Хотя поступки сих воспитанников я и отношу к детским шалостям, могущим иногда быть принятыми в снисхождение по уважению к неумышленности и молодости, но как вышеозначенные три случая заключают неповиновение подчиненного к начальнику, которое всегда должно быть наказываемо строго и всегда, сколь можно, гласно, то предписываю: кадета Я. наказать еще, при собрании корпуса, 50 ударами, кадетов 2-го кадетского корпуса, во 2-м пункте поименованных, не отпускать со двора впредь до разрешения моего или по случаю отъезда моего, имеющего исправлять мою должность; кадета С., как уже назначенного к выпуску в офицеры, отставить от оного до будущего представления. Приказ сей прочитать во всех ротах воспитанникам подведомственных мне военно-учебных заведений».
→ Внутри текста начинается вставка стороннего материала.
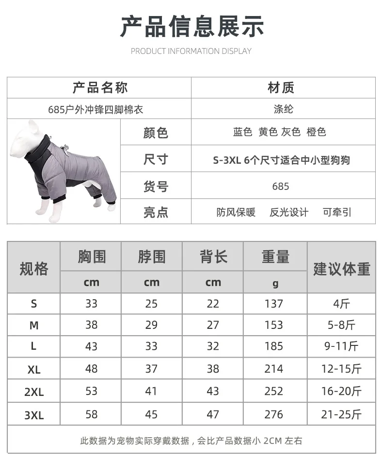 Suministros para perros Abrigo de algodón de cuatro patas para perro, abrigo reflectante de colores a juego, ropa impermeable para mascotas pequeñas y medianas, otoño e invierno, novedad

«Воспоминания московского кадета. 1833–1834»
Русский архив, 1880, т. 1, стр. 466–9.
Полковой командир николаевского времени
Первое понятие о действительной фронтовой службе я получил гораздо ранее поступления в полк. Первое впечатление было очень неприятное. Я был еще ребенком, когда мне пришлось увидеть на практике самую грубую, безотрадную форму телесного наказания в войсках — так называемую «зубочистку» — по мягкому офицерскому выражению. (Солдаты говорили: «зуботычина». Это проще и прямее.)
Воспоминание относится к 1844 году, то есть к первой године моего воспитания в Пажеском корпусе. В одно из воскресений развод с церемонией предстоял от Преображенского полка, и наш крохотный пажеский караульчик привели в манеж на репетицию развода. Левый фланг преображенцев стоял от нас в нескольких шагах, и к этому-то левому флангу, в конце репетиции, подлетел тогдашний Преображенский отец-командир, генерал-майор Жерков. Кулак у него был огромный, и действовал он этим кулаком очень оригинально: «костяшками» (то есть костистыми выступами оснований пальцев) генерал громил виновного по спине, по шее или по скуле, а иногда костяшки проезжали по целой шеренге и разбрасывали, подобно ядру, целый полувзвод, что и действительно случилось раз, на двенадцатирядном учении.